Это чувство, не зависящее от ее идей и взглядов, установок и временных представлений, вело Ольгу по жизни и делало из нее поэта. Потом она назовет его Духом Трагедии, который неразлучно с ней. Этот Дух давал ей силы заглянуть в такие бездны, узнавать такую тьму в глубинах человека, которую мало кто мог бы вынести. Вот она описывает блокадную баню и доходит до страшной картины со старухой-паучихой с раздутым животом и лысой головой. А такие же дистрофичные женщины с ненавистью говорят о ней: вот она живет, а "мой помер – молодой, красивый, а такая живет… погиб, а такая живет…". И слыша эти слова, видя эти иссохшие, изуродованные голодом тела, Ольга восклицает: "До какого же ужаса, и отчаяния, и позора докатилось человечество, если его женщины стали такими!.." И завершает: "Все наше поруганное сконцентрировалось в ней. Она сидела в добром луче солнца, с семицветным сиянием над головой, – она сидела, как сама Смерть, сама Война…"

Но среди мира, где люди оказываются в аду при жизни, где легко можно стать нечеловеком, поскольку граница человеческого уже перейдена, миссия художника становится совершенно особой: "Я здесь, чтобы свидетельствовать". Так История спасает своих хроникеров для того, чтобы они никогда не прекращали свой рассказ.

С годами Ольга понимает, что она и сама – часть трагедии Истории, и все, что произошло с ней, больше, чем ее личная трагедия.

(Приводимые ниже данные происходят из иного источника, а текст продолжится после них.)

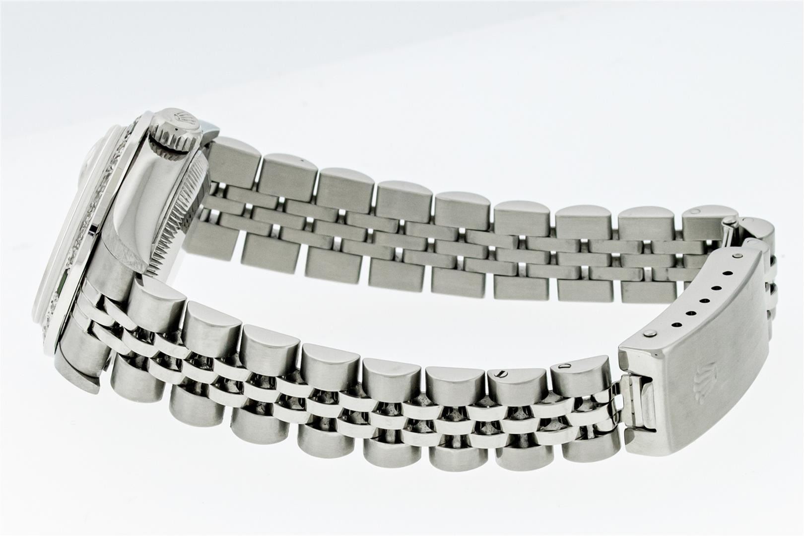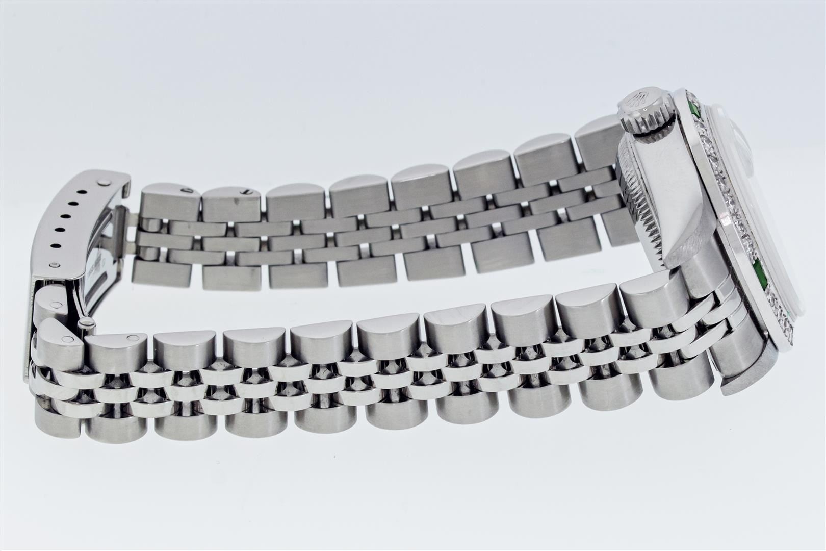 One Ladies Pre Owned Quickset Stainless Steel Rolex Datejust Polished Bright with Satin Finish, Serviced & Electronically Tested, Stainless Steel Case: 26mm. Rolex Stainless Steel Crown, Custom Bezel: New 18K White Gold Emerald Bead Set Diamond Bezel, Diamond + Gem Count: 28 Diamonds + 4 Emeralds. Custom Crystal: New Sapphire With Magnified Date Window. Custom Hands: New Hands. Rolex Movement: Automatic Winding Movement 2235. Rolex Dial: Gray With Roman Hour Markers & Square Track. Date Window: 3 O'Clock Position Date Display, Model: Quickset Datejust. Condition: G-6 Extra Fine. Rolex Bracelet: Stainless Steel Jubilee Band. Bright Polish & Satin Finish. 6.0 Inch Length, Adjustable. Standard Clasp, With Rolex Logo. This Watch Has Been Serviced Time Tested And Is In Excellent Condition It Is Free Of All Scratches And Dents.

Задумав написать о своем граде Китеже – о затопленном Первороссийске, о гибели Мечты, которой была отдана юность ее поколения, она вдруг встречается с реальным героем поэмы, которому выпала такая же судьба: участвовать в уничтожении города-мечты, построенного своими руками. Такое поразительное совпадение привело ее к глубоким размышлениям над сутью всего, что она писала и хотела написать:

"…Мой замысел пришел ко мне, и я его испугалась, – настолько это было мое и уже не мое, – двойник, галлюцинация, чудо, – как же так оно уже отделилось от меня, – еще до того, как я его воплотила? Оно уже существует помимо меня. Но это лишь означает верность ходам моих философских (теперь не побоюсь произнести это слово) суждений и художнических устремлений и планов… Да, "вас Господь сподобил жить в дни мои…", но вот только теперь видно начало подлинной работы – начало подвига… Ведь я – их память и их язык. "Начало подвига. К нему призвал Господь"".

Она уже не каменная дудка из своего юношеского стихотворения, которая беззаботно поет, – через ее дневники транслируется трагический хор множества человеческих голосов. Ее голосом говорит сама история.

Судьбу настоящего поэта распознал в ней Борис Пастернак. Именно "за судьбу" любила ее Ахматова и прощала ей неудачные стихи, которые не простила бы иному. История и судьба – суть ее дневников. Они и стали Главной книгой Ольги Берггольц.

Приключения архива Берггольц Вместо послесловия

Охота за дневниками и перепиской Ольги Берггольц началась сразу же после ее смерти.

Казалось бы, комиссия по наследию поэта руководствовалась самыми благими намерениями и срочно принялась готовить ее наследие для передачи в Центральный архив литературы и искусства Ленинграда.

25 февраля 1976 года в Совет министров летит прошение председателя Союза писателей Ленинграда А. П. Чепурова от имени правления ленинградской писательской организации.